Ce mardi matin, dans un climat de tension politique palpable, plusieurs figures de l’ancienne classe dirigeante haïtienne se sont réunies dans la capitale pour annoncer la création d’un large front visant à contester la légitimité du Conseil Présidentiel de Transition (CPT). Parmi les personnalités présentes, on retrouvait l’ancien sénateur Jean Renel Sénatus, connu sous le surnom de Zokiki, l’ex-Premier ministre Jean Michel Lapin, et l’ancien député Pierre Matin Tatout. Ces derniers, aux côtés de représentants de plus de trente partis et plateformes politiques, affichent un objectif clair : mettre un terme à ce qu’ils qualifient de dérive antidémocratique du CPT et réinstaurer un ordre constitutionnel à travers la nomination d’un juge de la Cour de cassation comme chef de l’État.
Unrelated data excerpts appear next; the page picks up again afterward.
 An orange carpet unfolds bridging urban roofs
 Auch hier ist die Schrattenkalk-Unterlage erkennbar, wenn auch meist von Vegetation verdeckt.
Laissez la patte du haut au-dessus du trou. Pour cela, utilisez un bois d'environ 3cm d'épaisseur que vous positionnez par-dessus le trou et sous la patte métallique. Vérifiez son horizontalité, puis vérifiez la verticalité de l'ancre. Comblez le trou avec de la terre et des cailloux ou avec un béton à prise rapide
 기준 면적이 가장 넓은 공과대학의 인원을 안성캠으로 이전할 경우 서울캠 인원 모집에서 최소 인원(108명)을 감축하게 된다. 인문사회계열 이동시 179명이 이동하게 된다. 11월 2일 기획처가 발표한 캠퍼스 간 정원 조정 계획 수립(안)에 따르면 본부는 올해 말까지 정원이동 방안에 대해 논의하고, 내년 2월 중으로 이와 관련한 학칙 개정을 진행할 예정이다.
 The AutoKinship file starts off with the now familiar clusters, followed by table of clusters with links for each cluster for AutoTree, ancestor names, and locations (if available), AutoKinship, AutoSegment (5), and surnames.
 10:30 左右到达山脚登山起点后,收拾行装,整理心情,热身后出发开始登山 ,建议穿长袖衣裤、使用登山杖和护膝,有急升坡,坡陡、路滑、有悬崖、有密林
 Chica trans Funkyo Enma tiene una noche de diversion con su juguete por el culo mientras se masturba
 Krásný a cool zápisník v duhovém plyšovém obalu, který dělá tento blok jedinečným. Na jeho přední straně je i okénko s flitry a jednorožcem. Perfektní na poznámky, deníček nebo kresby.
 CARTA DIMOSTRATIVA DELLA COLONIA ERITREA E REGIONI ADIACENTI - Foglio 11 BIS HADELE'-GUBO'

Un désaveu cinglant pour le Conseil Présidentiel
Créé pour sortir le pays de la crise institutionnelle qui gangrène Haïti depuis plusieurs années, le CPT est aujourd’hui sous le feu nourri de critiques. Ce qui devait être un organe de transition inclusive s’est transformé, aux yeux de nombreux observateurs et acteurs politiques, en une structure opaque, inefficace, et de plus en plus perçue comme un obstacle à toute véritable refondation nationale.
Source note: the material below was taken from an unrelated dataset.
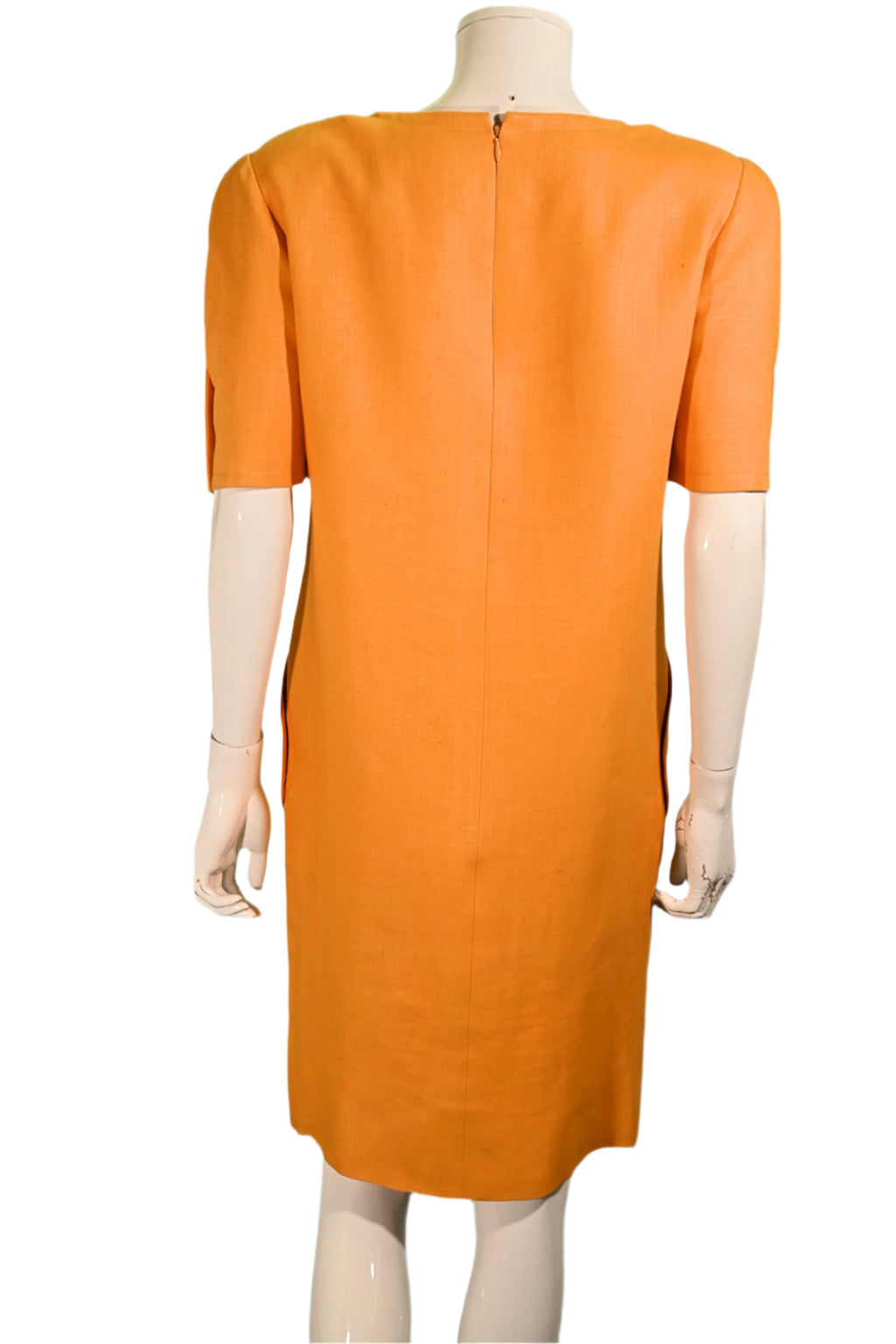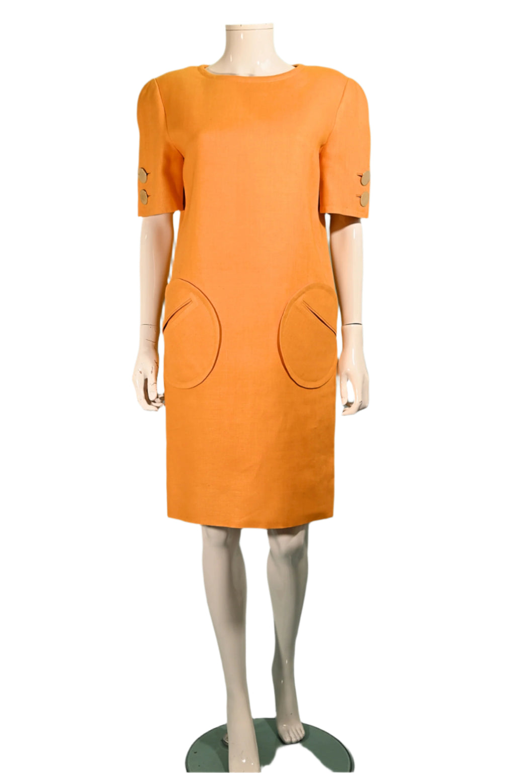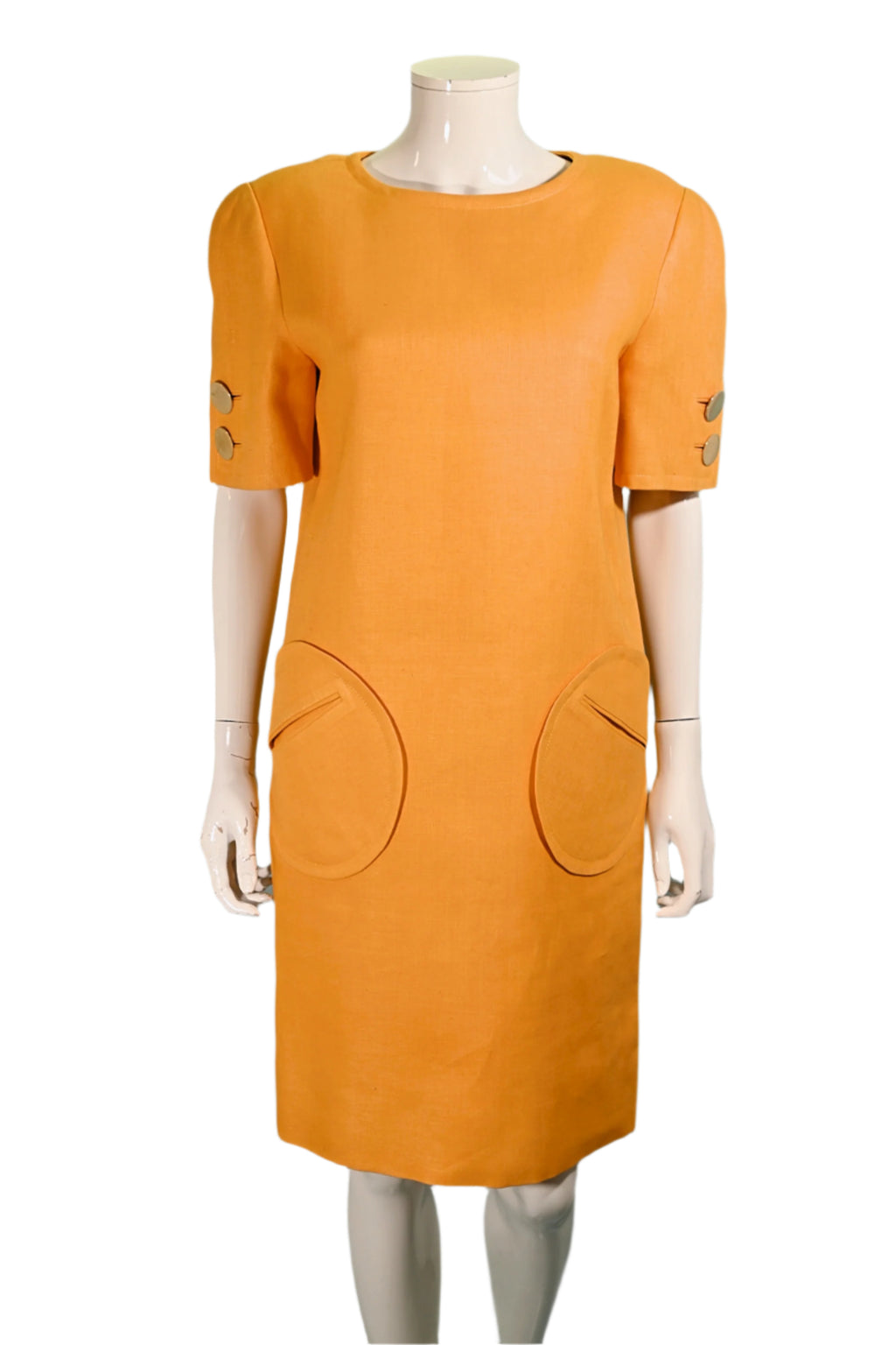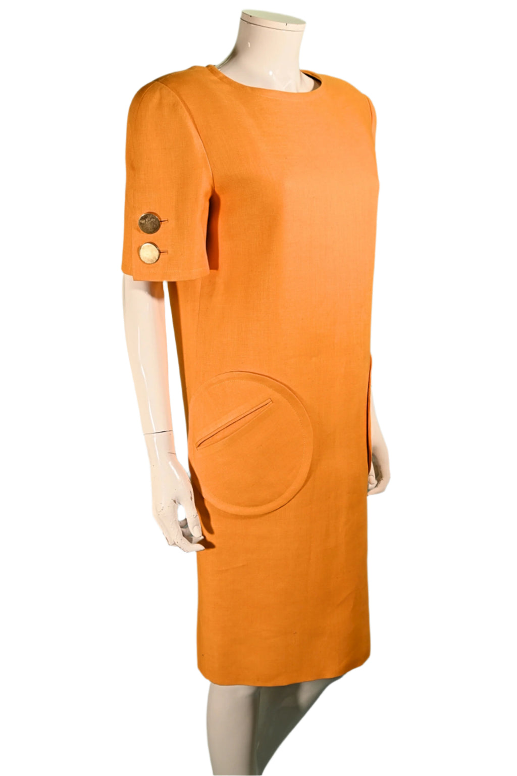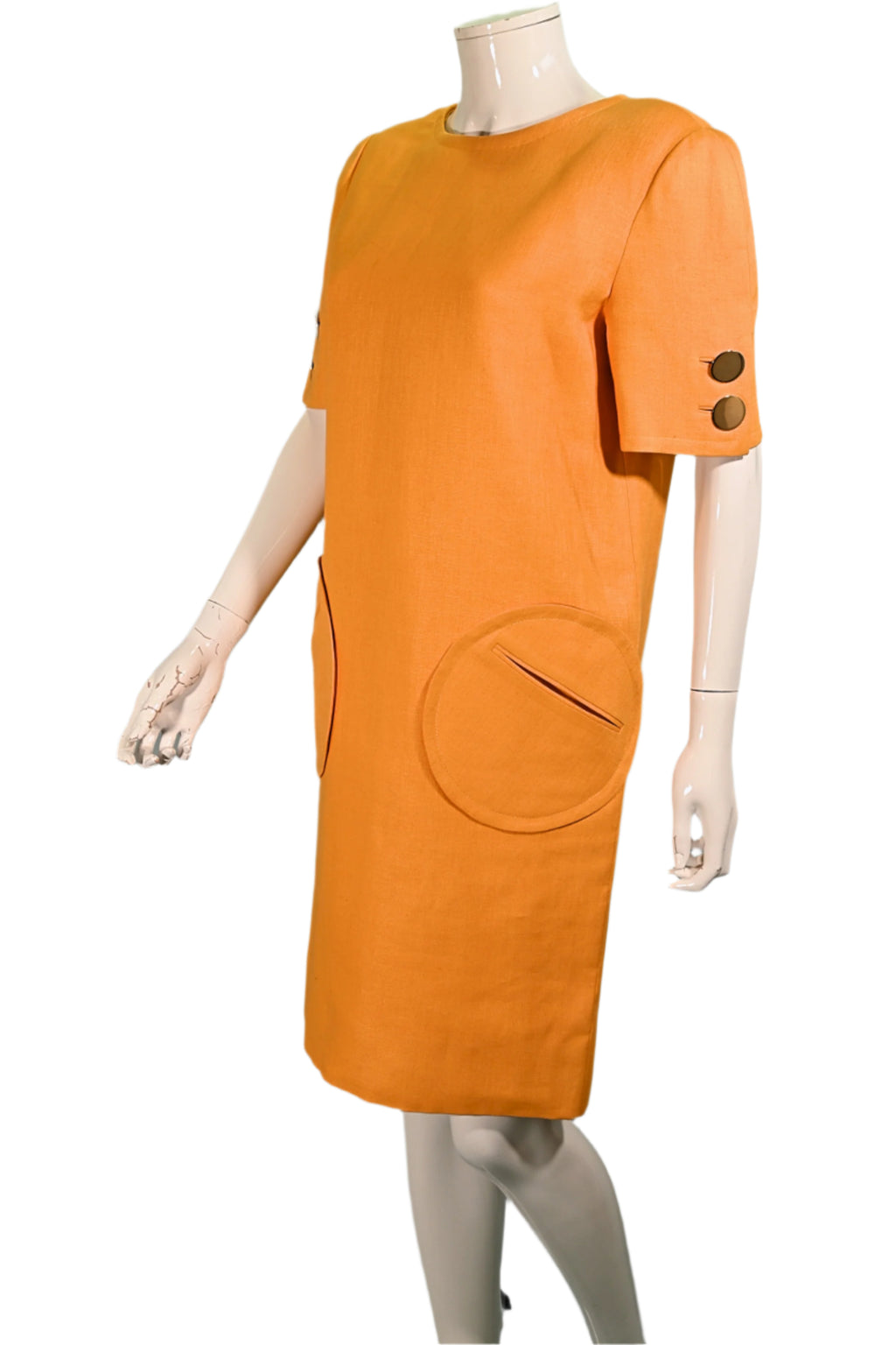 Bill Blass 1970s Golden Yellow Linen Dress, Round Pockets 10

« Le CPT est devenu un fardeau. Il ne représente ni la population, ni les intérêts fondamentaux de la nation », a déclaré l’ancien sénateur Sénatus devant une foule composée de militants, d’activistes et de journalistes. Il accuse le Conseil de paralyser les institutions, de gaspiller les ressources de l’État, et surtout, de prolonger une crise politique sans fin.
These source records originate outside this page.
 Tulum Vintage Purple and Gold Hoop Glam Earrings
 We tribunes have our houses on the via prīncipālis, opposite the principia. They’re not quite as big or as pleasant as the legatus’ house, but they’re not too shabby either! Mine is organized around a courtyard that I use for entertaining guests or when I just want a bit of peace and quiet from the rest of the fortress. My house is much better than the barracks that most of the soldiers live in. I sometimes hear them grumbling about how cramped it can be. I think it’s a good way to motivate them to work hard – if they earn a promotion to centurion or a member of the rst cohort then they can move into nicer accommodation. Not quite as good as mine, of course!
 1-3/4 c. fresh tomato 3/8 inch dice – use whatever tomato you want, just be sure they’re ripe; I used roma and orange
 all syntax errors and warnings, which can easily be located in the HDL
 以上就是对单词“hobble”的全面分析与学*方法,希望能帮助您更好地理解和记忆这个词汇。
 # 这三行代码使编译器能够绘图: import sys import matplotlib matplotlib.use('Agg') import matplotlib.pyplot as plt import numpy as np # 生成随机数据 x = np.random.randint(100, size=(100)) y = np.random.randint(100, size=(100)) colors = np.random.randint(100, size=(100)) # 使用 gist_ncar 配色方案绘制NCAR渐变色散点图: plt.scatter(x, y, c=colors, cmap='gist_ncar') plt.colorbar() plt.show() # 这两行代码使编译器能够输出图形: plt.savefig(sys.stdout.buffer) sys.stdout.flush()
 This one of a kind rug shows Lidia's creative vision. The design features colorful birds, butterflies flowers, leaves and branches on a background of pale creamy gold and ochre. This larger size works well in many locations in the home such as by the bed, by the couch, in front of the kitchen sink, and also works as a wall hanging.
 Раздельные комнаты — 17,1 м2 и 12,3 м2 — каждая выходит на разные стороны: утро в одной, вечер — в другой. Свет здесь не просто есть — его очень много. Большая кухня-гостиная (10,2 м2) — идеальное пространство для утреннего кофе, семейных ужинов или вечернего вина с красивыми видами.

Une solution controversée : le retour au judiciaire
Au cœur de cette mobilisation, l’idée de remettre le pouvoir entre les mains d’un juge de la Cour de cassation, en vertu de l’article 149 de la Constitution haïtienne, fait son chemin. Cette disposition, bien que controversée dans le contexte actuel, est invoquée par les initiateurs du mouvement comme une voie légale et urgente pour sortir de l’impasse.
« Le pays a besoin de stabilité, pas d’un pouvoir morcelé entre des représentants qui ne rendent de comptes à personne », a martelé Jean Michel Lapin. Selon lui, le juge de la Cour de cassation représente aujourd’hui la seule institution capable de jouer un rôle de régulateur, neutre et temporaire, en attendant de véritables élections.
Une opposition en quête de légitimité
Mais cette coalition hétéroclite, composée de figures de l’ancien régime, de partis traditionnels et de nouveaux acteurs de la scène politique, soulève aussi des interrogations. Pour certains, il s’agit là d’une tentative déguisée de reprise du pouvoir par une élite politique discréditée, responsable en partie des crises antérieures.
Des voix critiques dénoncent en coulisse une manœuvre opportuniste, où les vieilles alliances se reforment autour d’un objectif commun : évincer le CPT sans offrir une réelle alternative de gouvernance. Les partisans du Conseil, quant à eux, accusent ces anciens responsables de chercher à rétablir un ordre qui a déjà échoué, en s’appuyant sur des réseaux d’influence au sein de l’appareil judiciaire.
Vers une nouvelle phase de confrontation ?
Ce mouvement de ce 20 mai risque d’ouvrir une nouvelle phase d’instabilité dans un pays déjà fragilisé par l’insécurité, la misère, et l’absence de services publics de base. La volonté de court-circuiter le CPT par un choix unilatéral d’un juge-président pourrait provoquer une crise institutionnelle majeure, voire une escalade de tensions dans la rue.
Pour l’heure, le Conseil Présidentiel n’a pas officiellement réagi à cette annonce. Mais dans les cercles diplomatiques, l’inquiétude grandit. Car chaque tentative de renversement sans consensus élargi renforce la méfiance envers les institutions haïtiennes, et réduit encore plus les chances d’un retour à l’ordre démocratique.